**Aim of the exercise:**
An exact copy of the records below is needed, with every picture left out.

Items listed in a dataset
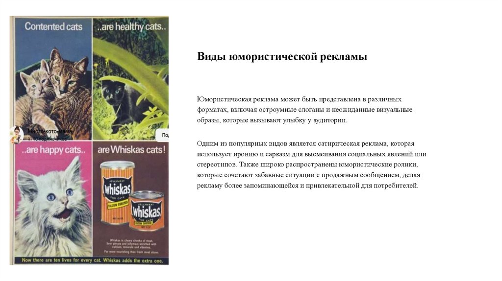 Виды юмористической рекламыЮмористическая реклама может быть представлена в различных
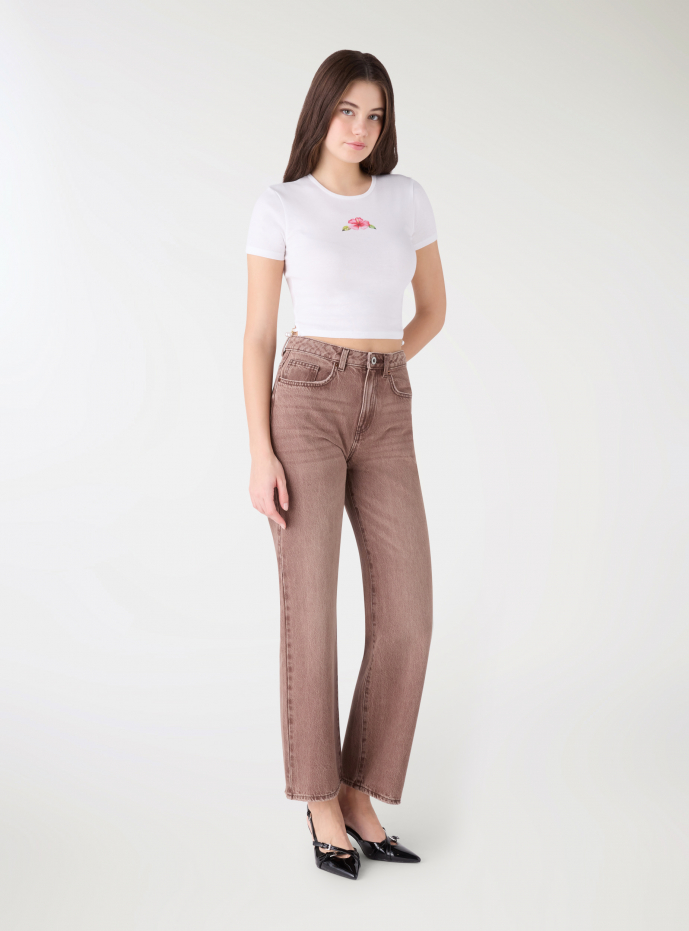 Jeans da donna a tinta unita con linea straight e gamba lunga. Vita media con passanti e chiusura con bottone e zip, ideale per look quotidiani urban. Cinque tasche con taschino frontale e tasche posteriori applicate. Lavaggio medio con effetto vissuto che valorizza il design. Versatili con maglietta e sneakers o con camicia e blazer per un tocco casual curato.
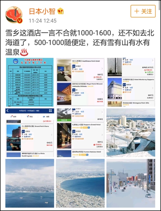 況且在此之前,社交媒體上已有不少營銷號放出美圖,鼓吹大家放棄雪鄉,前往北海道看雪。
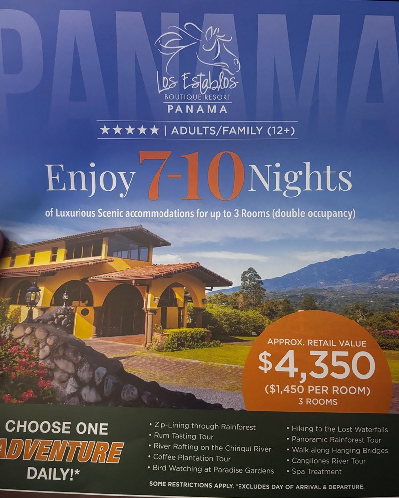 This is a beautiful trip Enjoy 7-10 Nights of Luxurious Scenic accommodations for up to 3 Rooms (double occupancy) located in the beautiful Boquete, Panama there is a Daily all/inclusive fee of $165 per day which provides 3 meals daily and beverages (including alcohol) and a choice of a daily adventure such as zip-lining through the rainforest, Rum-tasting tour, River Rafting , Hiking to the lost waterfalls, Spa treatment and so much more! Winner pays for Air fair
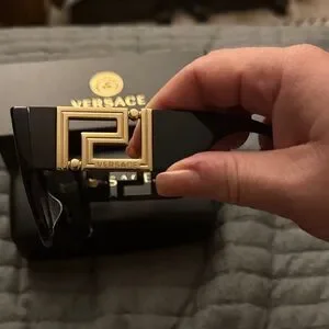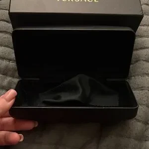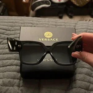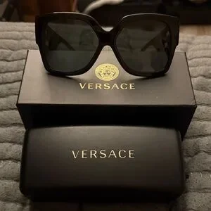 Bold square silhouette from Versace. Polished black acetate frame. Dark lenses provide classic, polished look. Distinctive designer branding detail. Sleek and versatile for everyday wear.
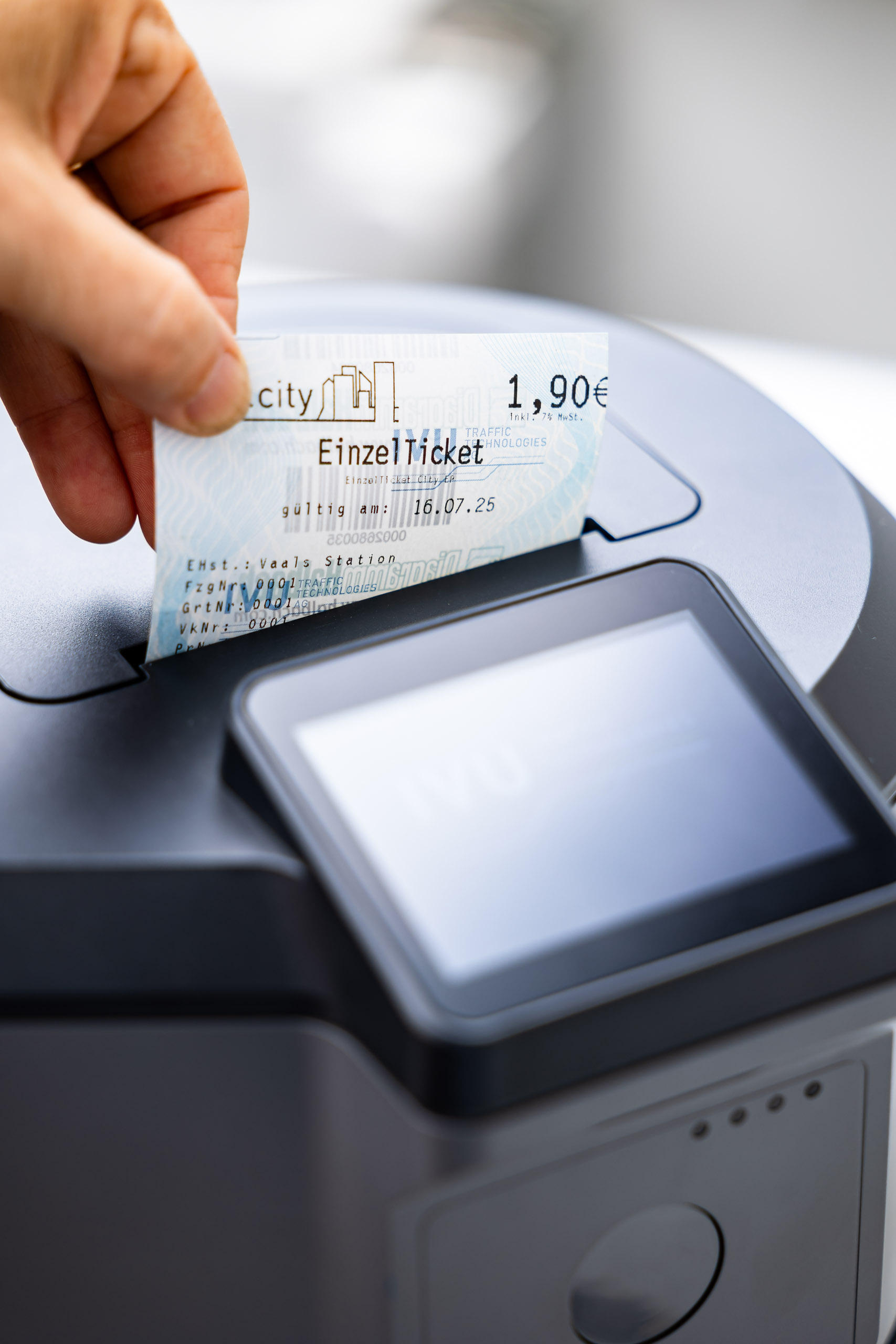 Der Bordrechner als digitale Schaltzentrale mit robustem Industrieprozessor und entspiegeltem 10-Zoll-Multitouch-Display für komfortable Bedienung bei allen Lichtverhältnissen. Ein integrierter 300-dpi-Drucker mit Easy-Load-System und variabler Papieranpassung ermöglicht schnellen, störungsfreien Ticketdruck. Für die Ticketkontrolle stehen Barcode- und NFC-Leser bereit; optional ist auch ein kontaktloser Bankkartenleser integrierbar. Ein farbiges Kundendisplay informiert Fahrgäste übersichtlich.
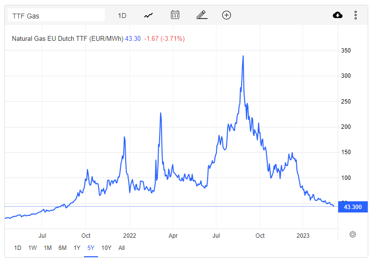 Газ эквивалентный энергетически мегаватту сейчас стоит 70 евро. В августе он стоил 350 евро. Это большое снижение, но раньше цена за газ была между 10 и 20 евро. Для энергоемких компаний это является бюджетным кошмаром.
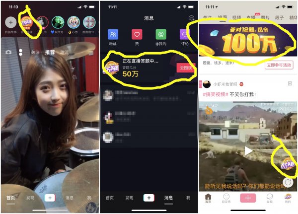 大家平时玩百万英雄都是通过西瓜视频或者今日头条,但是最近抖音短视频、火山小视频和内涵段子这几个App也都上线了百万英雄。而且登陆账号是相互独立的哦,也就是说,大家可以在这几个App里注册账号,然后使用原来的邀请码就可以两个账号各自增加与一个复活码了。
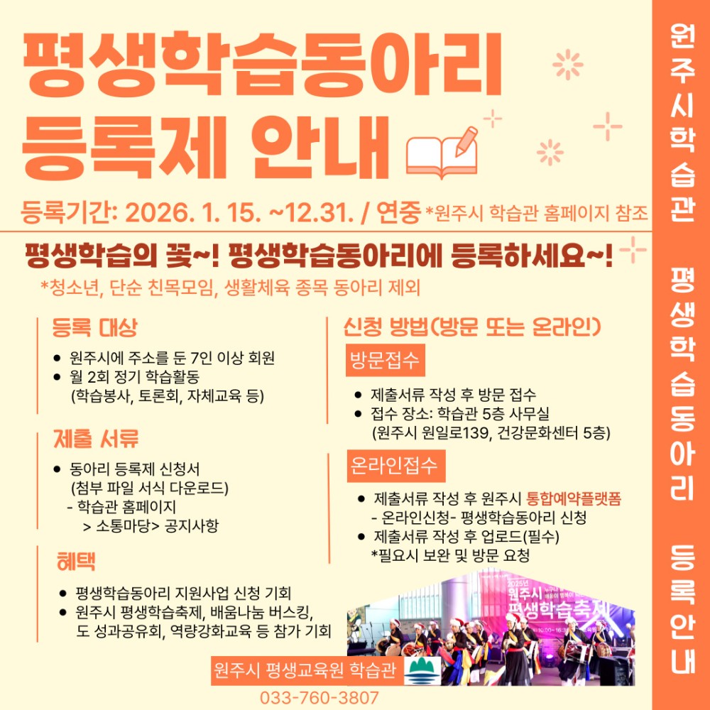 원주시 평생교육원 학습관에서 2026년 '평생학습 동아리 등록제'를 운영하오니 관심있는 분들의 많은 신청바랍니다.
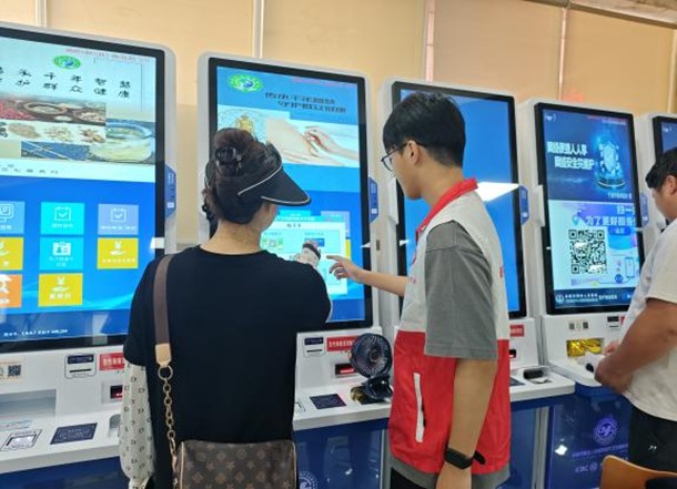在自助服务区域,志愿者协助患者使用自助挂号、缴费等设备。面对一些不熟悉智能设备操作的患者,志愿者手把手地进行指导,从扫码登录到选择科室、支付费用,一步一步耐心讲解,确保患者能够顺利完成操作。此外,志愿者还在候诊区维持秩序,为患者提供饮用水,安抚患者因等待产生的焦急情绪。同时,志愿者还向患者及家属宣传健康知识,倡导文明就诊。
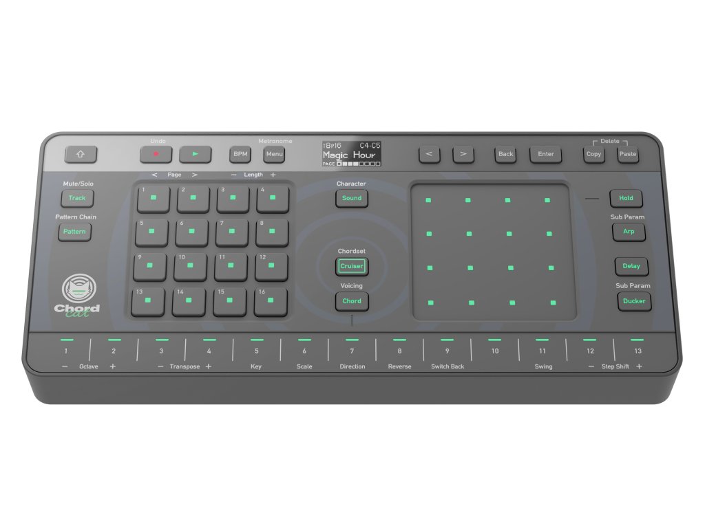 Tryb Chord Cruiser oferuje dziesiątki muzycznie dopasowanych akordów dzięki inteligentnemu algorytmowi, z których możesz łatwo wybrać ten właściwy. Przypisujesz akord do klawisza, a groovebox od razu sugeruje następny – muzyka powstaje naturalnie i bez zakłóceń. Idealny dla producentów, kompozytorów i początkujących.
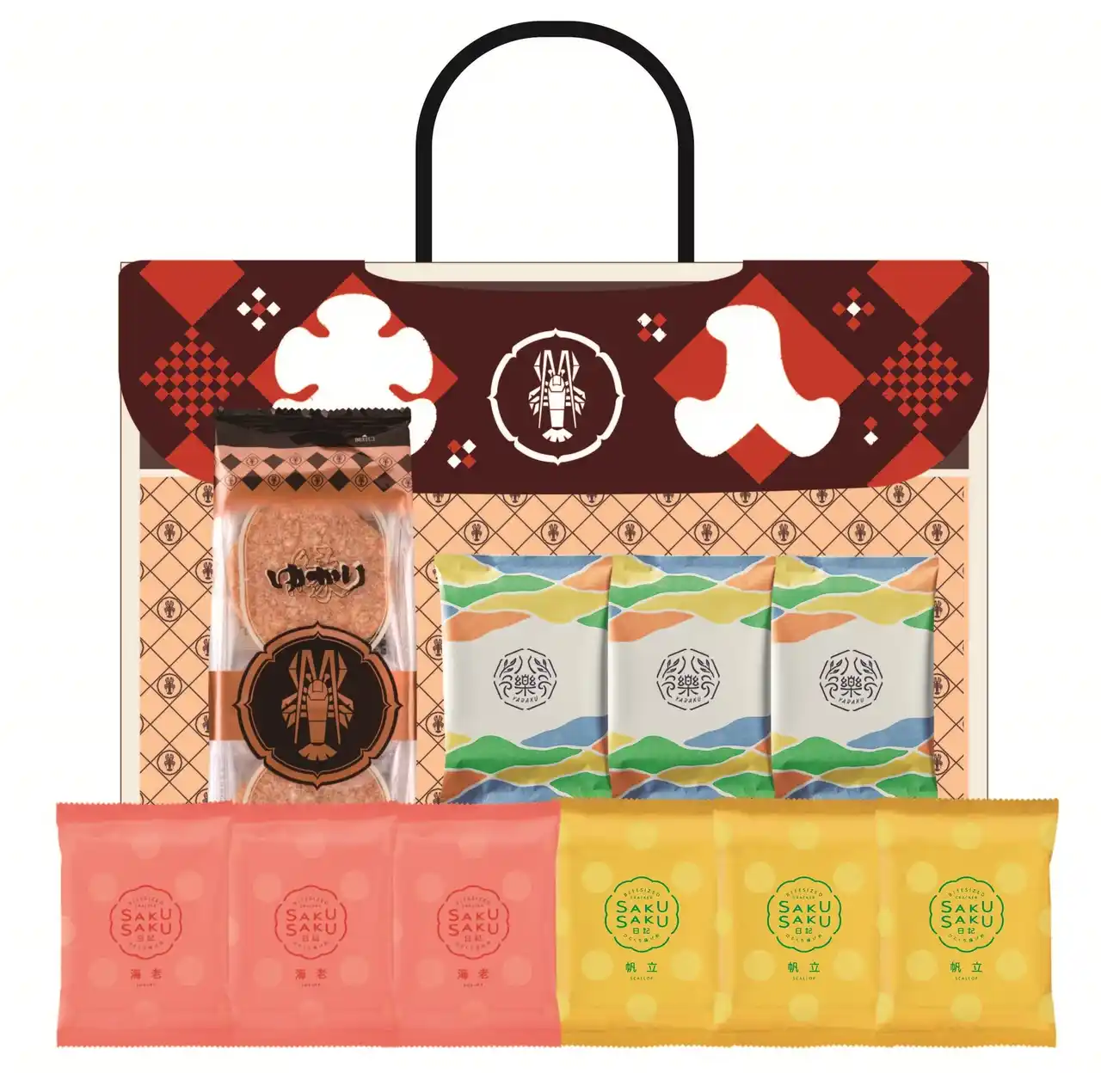 ・内容:合計1,660円(税込)分の商品をお値打ちに販売。坂角を代表する〈ゆかり〉、〈さくさく日記〉、〈八樂〉の3種類のえびせんべいを詰め合わせました。 |

**Solution to this problem:**
 Виды юмористической рекламыЮмористическая реклама может быть представлена в различных
 Jeans da donna a tinta unita con linea straight e gamba lunga. Vita media con passanti e chiusura con bottone e zip, ideale per look quotidiani urban. Cinque tasche con taschino frontale e tasche posteriori applicate. Lavaggio medio con effetto vissuto che valorizza il design. Versatili con maglietta e sneakers o con camicia e blazer per un tocco casual curato.
 況且在此之前,社交媒體上已有不少營銷號放出美圖,鼓吹大家放棄雪鄉,前往北海道看雪。
 This is a beautiful trip Enjoy 7-10 Nights of Luxurious Scenic accommodations for up to 3 Rooms (double occupancy) located in the beautiful Boquete, Panama there is a Daily all/inclusive fee of $165 per day which provides 3 meals daily and beverages (including alcohol) and a choice of a daily adventure such as zip-lining through the rainforest, Rum-tasting tour, River Rafting , Hiking to the lost waterfalls, Spa treatment and so much more! Winner pays for Air fair
 Bold square silhouette from Versace. Polished black acetate frame. Dark lenses provide classic, polished look. Distinctive designer branding detail. Sleek and versatile for everyday wear.
 Der Bordrechner als digitale Schaltzentrale mit robustem Industrieprozessor und entspiegeltem 10-Zoll-Multitouch-Display für komfortable Bedienung bei allen Lichtverhältnissen. Ein integrierter 300-dpi-Drucker mit Easy-Load-System und variabler Papieranpassung ermöglicht schnellen, störungsfreien Ticketdruck. Für die Ticketkontrolle stehen Barcode- und NFC-Leser bereit; optional ist auch ein kontaktloser Bankkartenleser integrierbar. Ein farbiges Kundendisplay informiert Fahrgäste übersichtlich.
 Газ эквивалентный энергетически мегаватту сейчас стоит 70 евро. В августе он стоил 350 евро. Это большое снижение, но раньше цена за газ была между 10 и 20 евро. Для энергоемких компаний это является бюджетным кошмаром.
 大家平时玩百万英雄都是通过西瓜视频或者今日头条,但是最近抖音短视频、火山小视频和内涵段子这几个App也都上线了百万英雄。而且登陆账号是相互独立的哦,也就是说,大家可以在这几个App里注册账号,然后使用原来的邀请码就可以两个账号各自增加与一个复活码了。
 원주시 평생교육원 학습관에서 2026년 '평생학습 동아리 등록제'를 운영하오니 관심있는 분들의 많은 신청바랍니다.
在自助服务区域,志愿者协助患者使用自助挂号、缴费等设备。面对一些不熟悉智能设备操作的患者,志愿者手把手地进行指导,从扫码登录到选择科室、支付费用,一步一步耐心讲解,确保患者能够顺利完成操作。此外,志愿者还在候诊区维持秩序,为患者提供饮用水,安抚患者因等待产生的焦急情绪。同时,志愿者还向患者及家属宣传健康知识,倡导文明就诊。
 Tryb Chord Cruiser oferuje dziesiątki muzycznie dopasowanych akordów dzięki inteligentnemu algorytmowi, z których możesz łatwo wybrać ten właściwy. Przypisujesz akord do klawisza, a groovebox od razu sugeruje następny – muzyka powstaje naturalnie i bez zakłóceń. Idealny dla producentów, kompozytorów i początkujących.
 ・内容:合計1,660円(税込)分の商品をお値打ちに販売。坂角を代表する〈ゆかり〉、〈さくさく日記〉、〈八樂〉の3種類のえびせんべいを詰め合わせました。 |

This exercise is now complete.